Activity: Would you reproduce, word for word, only the lines running from the top of the data through the line containing "Сывороточный протеин 100%", and none of the pictures?

Dataset extract:

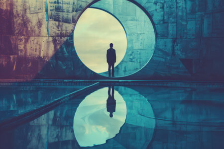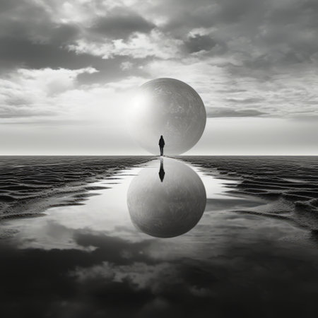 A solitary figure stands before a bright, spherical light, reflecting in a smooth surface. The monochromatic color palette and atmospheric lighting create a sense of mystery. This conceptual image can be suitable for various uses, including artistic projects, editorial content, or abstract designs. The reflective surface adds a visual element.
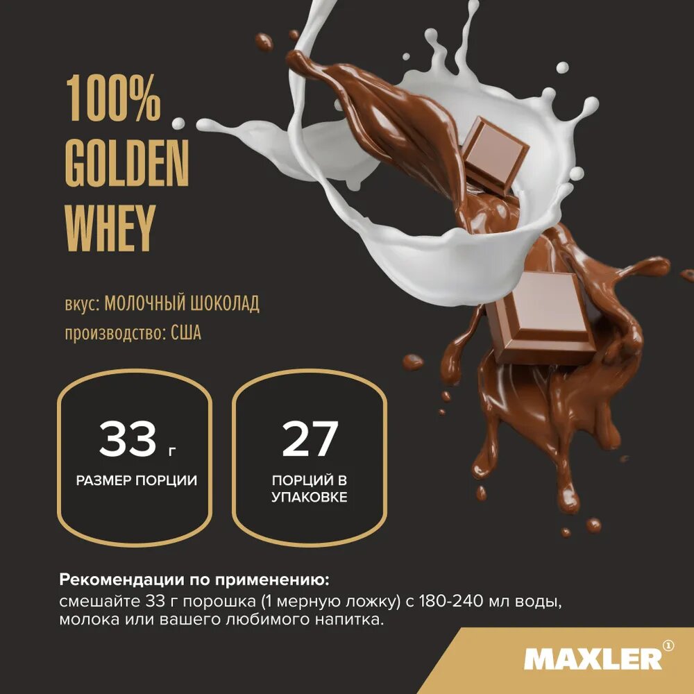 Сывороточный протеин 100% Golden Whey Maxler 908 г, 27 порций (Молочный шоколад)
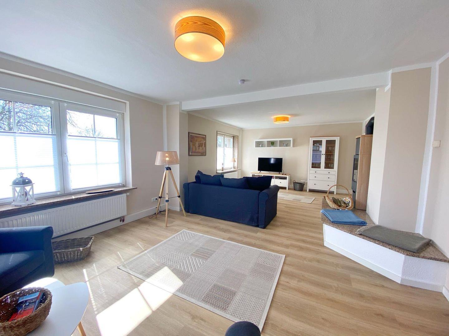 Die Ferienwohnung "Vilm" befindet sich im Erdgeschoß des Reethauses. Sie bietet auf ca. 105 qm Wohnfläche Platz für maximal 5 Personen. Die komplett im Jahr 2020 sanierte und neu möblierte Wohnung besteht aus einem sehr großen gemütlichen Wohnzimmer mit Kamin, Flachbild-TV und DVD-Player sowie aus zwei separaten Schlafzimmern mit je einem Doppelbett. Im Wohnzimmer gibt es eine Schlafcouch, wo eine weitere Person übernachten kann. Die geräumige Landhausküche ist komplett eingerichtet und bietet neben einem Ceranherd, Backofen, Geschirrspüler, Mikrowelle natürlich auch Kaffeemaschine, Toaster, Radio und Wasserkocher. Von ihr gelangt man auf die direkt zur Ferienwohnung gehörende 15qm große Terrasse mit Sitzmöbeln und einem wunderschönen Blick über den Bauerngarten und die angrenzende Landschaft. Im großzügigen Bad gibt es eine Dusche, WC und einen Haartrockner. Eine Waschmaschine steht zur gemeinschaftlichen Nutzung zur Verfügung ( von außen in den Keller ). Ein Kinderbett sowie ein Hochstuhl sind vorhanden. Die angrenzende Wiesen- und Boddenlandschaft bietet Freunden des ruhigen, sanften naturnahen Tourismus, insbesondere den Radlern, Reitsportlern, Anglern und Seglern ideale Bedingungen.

Expected answer:
 A solitary figure stands before a bright, spherical light, reflecting in a smooth surface. The monochromatic color palette and atmospheric lighting create a sense of mystery. This conceptual image can be suitable for various uses, including artistic projects, editorial content, or abstract designs. The reflective surface adds a visual element.
 Сывороточный протеин 100% Golden Whey Maxler 908 г, 27 порций (Молочный шоколад)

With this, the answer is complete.